Wednesday, February 27, 2019

The Writing University conducts a series of interviews with writers while they are in Iowa City participating in the various University of Iowa writing programs. We sit down with authors to ask about their work, their process and their descriptions of home.

Today we are speaking with Inés Gallo De Urioste. Inés Gallo De Urioste, aka Lolita Copacabana, is an Argentinian writer, editor, translator and author of Buena Leche - Diarios de una joven [no tan] formal (2006) and the novel Aleksandr Solzhenitsyn (2015). In 2017, she was included in the Hay Festival’s ‘Bogotá 39,’ a list of 39 outstanding new Latin American authors. She co-directs Momofuku, a small publishing house in Argentina, and is a candidate for an MFA in Spanish Creative Writing at the University of Iowa.



1. Do you have a plan or project in mind for the next semester?

I am currently working on the second draft of a new novel, Mi descubrimiento de América, a project I've been on for about two years, and that has benefited a lot from the program. It's a work of autofiction in which, through an exploration of various registers and genres, I tell the story about my first year as a student here in Iowa City. While drawing hypothesis about the future of literature and challenging the basis of patriarchy—of course. Right now I'm not even sure where in the world I'll be living come August, but I'm certain I'll be wanting to channel my creative energies on that. 


2. What does your daily practice look like for your writing? Do you have a certain time when you write? Any specific routine?

I've done a lot of unfruitful thinking about my creative process in the past, and lately I've come to the conclusion that throught my life only two things about it have been constant: struggle and change. I guess a good way to sum it up is to say that the ways in which I've managed to conjure the conditions in which writing can happen have varied a lot. But writing is, for me, always a product of deep reflection. Although I spend an enormous amount of time editing (I've usually memorized most of a piece by the time I am done), I spend even longer figuring out how to get there. By the time I arrive to the first sentence of anything, so much of this "figuring out" has taken place that the act of proper writing flows comparatively much easier. Once the tone, point of view and character are clear to me, once the semantics of a universe have been pin-pointed, the rest is less of a challenge; if unobstructed, it takes place way faster. And then: mornings, definitely. Maybe four or five hours a day. Editing is done after lunch.


3. What are you currently reading right now? Are you reading for research or pleasure?
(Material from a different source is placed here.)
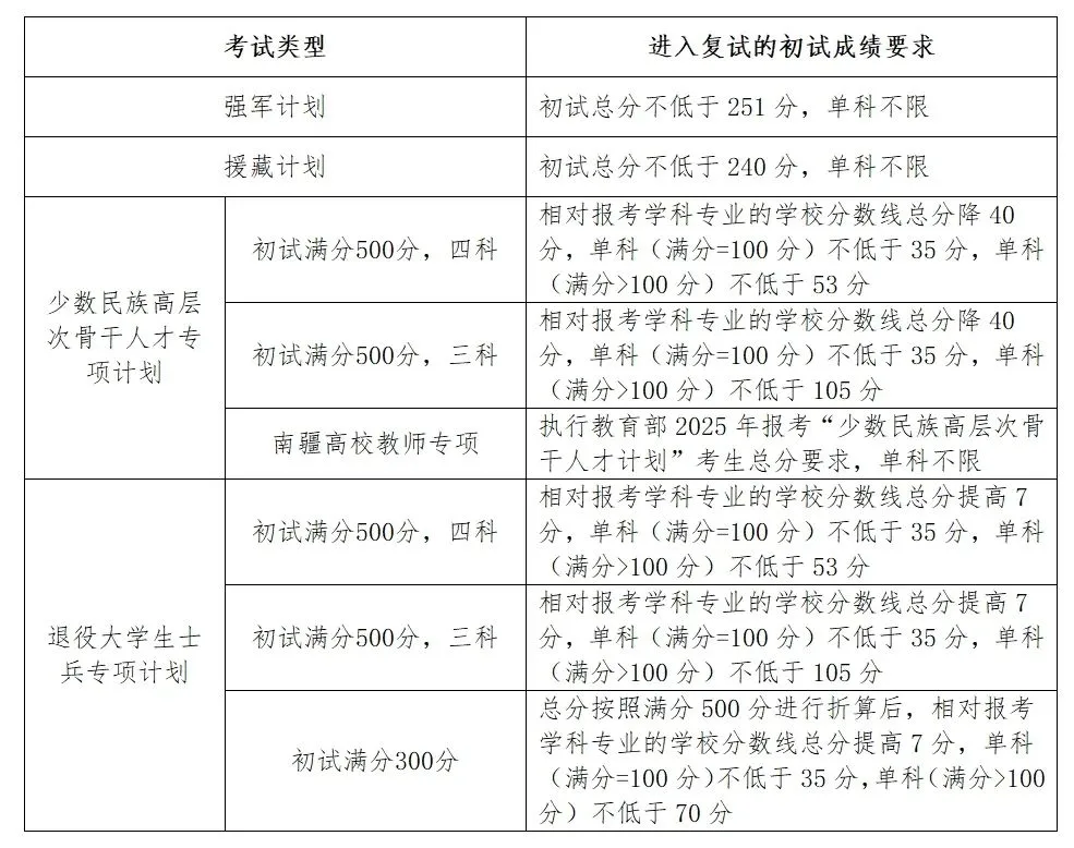 2025年吉林大学硕士研究生招生考试考生进入复试的初试成绩基本要求
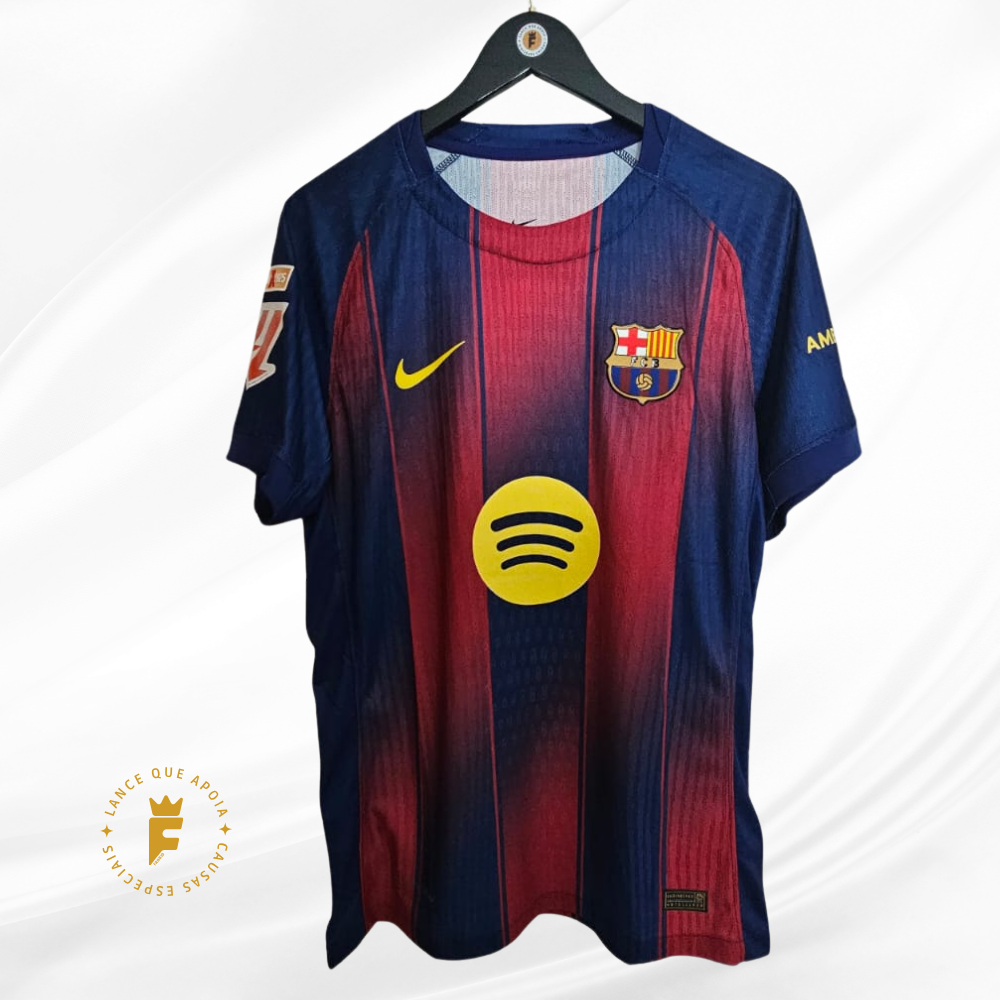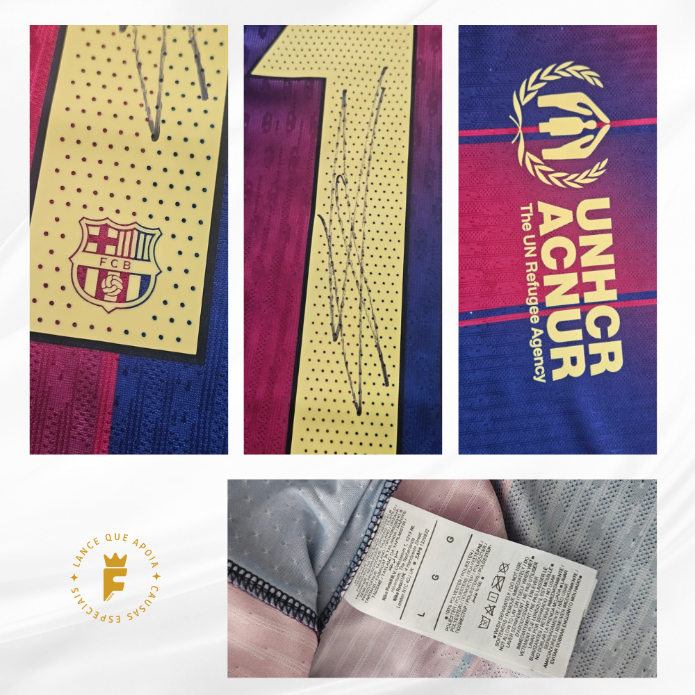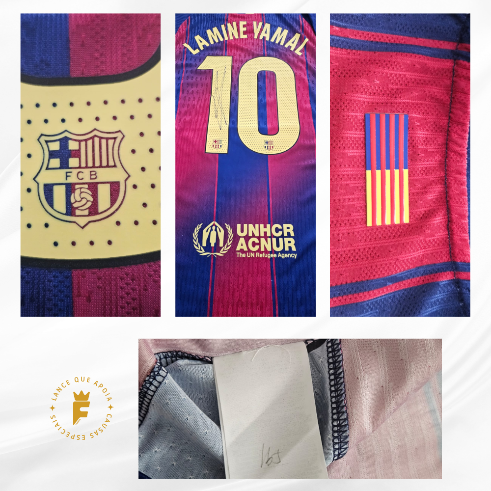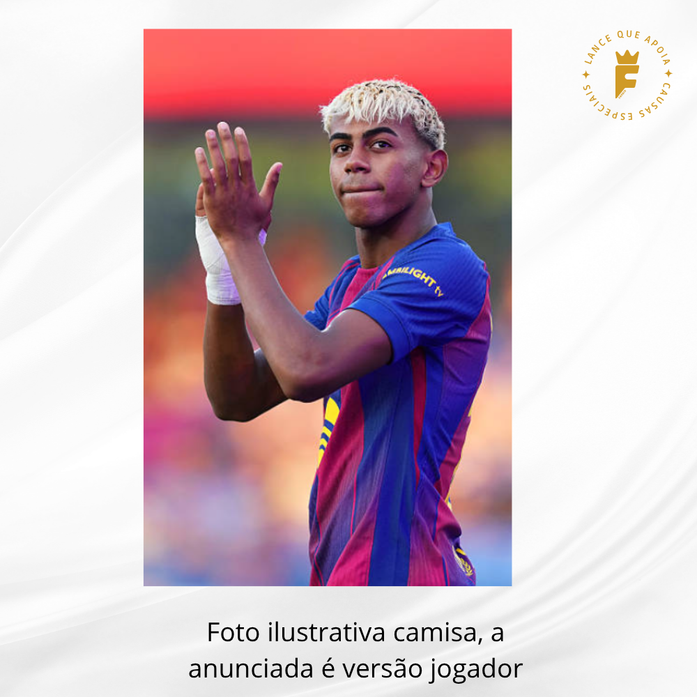 Camisa Barcelona I 2025 – 26 vers jogador autografada Lamine Yamal

I've been reading for research for almost three years now, with very few exceptions. This past one most of the things I've been exploring and revisiting are autobiographical pieces, many of them travel narratives, many by non-native writers in and about North America, mostly but definitely not limited to the 20th Century. Among my favorites: Francis Trollope, François-René de Chateaubriand, Vladimir Maiakovsky, Simone de Beauvoir, Cesare Pavese, Jean Baudrillard, Ricardo Piglia... Plenty of American scholars, too. For a while I even became imaginary friends with someone called Percy G. Adams. Now I finally feel I'm ready to take a break, and there's a huge pile of books, mainly written by women, that I'm looking forward to reading for pleasure this summer. 
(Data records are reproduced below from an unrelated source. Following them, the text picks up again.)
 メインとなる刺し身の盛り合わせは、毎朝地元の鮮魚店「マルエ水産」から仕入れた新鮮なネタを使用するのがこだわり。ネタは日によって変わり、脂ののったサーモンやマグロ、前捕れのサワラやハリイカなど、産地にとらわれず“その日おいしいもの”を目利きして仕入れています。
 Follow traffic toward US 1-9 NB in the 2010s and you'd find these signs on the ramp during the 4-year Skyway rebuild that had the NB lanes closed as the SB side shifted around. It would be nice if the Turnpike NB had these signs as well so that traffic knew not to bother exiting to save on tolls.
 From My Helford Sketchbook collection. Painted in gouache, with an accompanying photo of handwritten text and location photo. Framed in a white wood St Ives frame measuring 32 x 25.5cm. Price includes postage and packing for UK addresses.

4. What is something the readers and writers of Iowa City should know about you and your work?

We're in progress.


5. Tell us a bit about where you are from -- what are some favorite details you would like to share with us about your home?

I'm from Buenos Aires, Argentina, and I hereby confess that what I've missed the most since I've been gone, apart from my daily dose of yerba mate and dulce de leche, is my dialect: Rioplatense Spanish. From what I hear, it's one of the most prominent ones to employ voseo in both speech and writing, and (because of the huge amount of Italian immigration we've historically had) it's often spoken with an intonation resembling that of the Neapolitan language. It was only after over a year of humble and fond exploration of the myriad of idiosyncratic twists Spanish englobes that I found myself preciously rediscovering, when visiting Buenos Aires, the cherished nooks and crannies I'd previously taken for granted in that unique southernmost language that, to me, spells "home". ♡


Thank you so much for talking with us today, Inés!